Top 10 Conditional Expectation Interview Questions and Answers

We cant lie -Â Data Science Interviews are TOUGH. Top tech companies ask very hard questions about probability and statistics.

That’s why we put together 40 real chances The answers to all 40 questions are in our book, Ace The Data Science Interview. It also has answers to 161 other questions about SQL, Machine Learning, and Product/Business Sense. You can also practice some of these same exact questions on DataLemurs statistics interview questions section.

Conditional expectation is a key concept in probability theory and statistics that often comes up in quantitative interviews, especially for roles in finance, data science, and machine learning. Knowing how to calculate conditional expectations and interpret them is crucial.

In this article, I’ll go over the top 10 conditional expectation interview questions frequently asked, provide sample answers, and explain the intuition behind each one. Mastering these will ensure you ace the probability and stats portion of your next interview!

1. What is meant by conditional expectation and how is it calculated?

The conditional expectation E(X|Y) refers to the expected value of the random variable X given that another random variable Y has occurred or is known. Intuitively, it tells us the average value we expect X to take based on the specific value or realization of Y.

The general formula for conditional expectation is:

E(X|Y) = ∑_y E(X|Y=y)P(Y=y)

Where E(X|Y=y) is the expected value of X given a particular value y that Y takes, and P(Y=y) is the probability of Y taking that value y

So we calculate the conditional expectation by taking a weighted average of the expected values of X for each possible value of Y, weighted by the probabilities of those Y values occurring.

2. How do you calculate E(X|Y) when X and Y are discrete random variables?

When X and Y are both discrete, we can calculate the conditional expectation directly using the formula:

E(X|Y=y) = ∑_x xP(X=x|Y=y)

Where P(X=x|Y=y) is the conditional probability mass function of X given the value y of Y.

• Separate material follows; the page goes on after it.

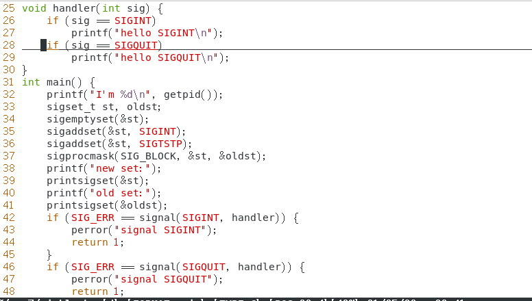 1.当程序运行的时候, Ctrl+C 进入 handler ,然后立即 Ctrl+Z 发现 handler 还未执行完就被SIGTSTP 打断.

Then substitute this into the general conditional expectation formula:

E(X|Y) = ∑_y [ ∑_x xP(X=x|Y=y) ] P(Y=y)

Which is a double summation over all possible values of X and Y.

For example, if X ~ Binomial(10, 0.3) and Y ~ Binomial(10, 0.5), then:

E(X|Y=5) = 0P(X=0|Y=5) + 1P(X=1|Y=5) + … + 10*P(X=10|Y=5)

And repeat for other values of Y to get E(X|Y).

3. How do you interpret the conditional expectation of one random variable given another?

The conditional expectation E(X|Y) can be interpreted as the best predictor of X given knowledge of Y, or the average value we expect X to take based on the observed value of Y.

Some key properties:

  • E(X|Y) is a function of Y, not a constant. As the value of Y changes, the conditional expectation will change.

  • E(X|Y) is the minimum MSE predictor of X given Y. No other function of Y will give a lower MSE when predicting X.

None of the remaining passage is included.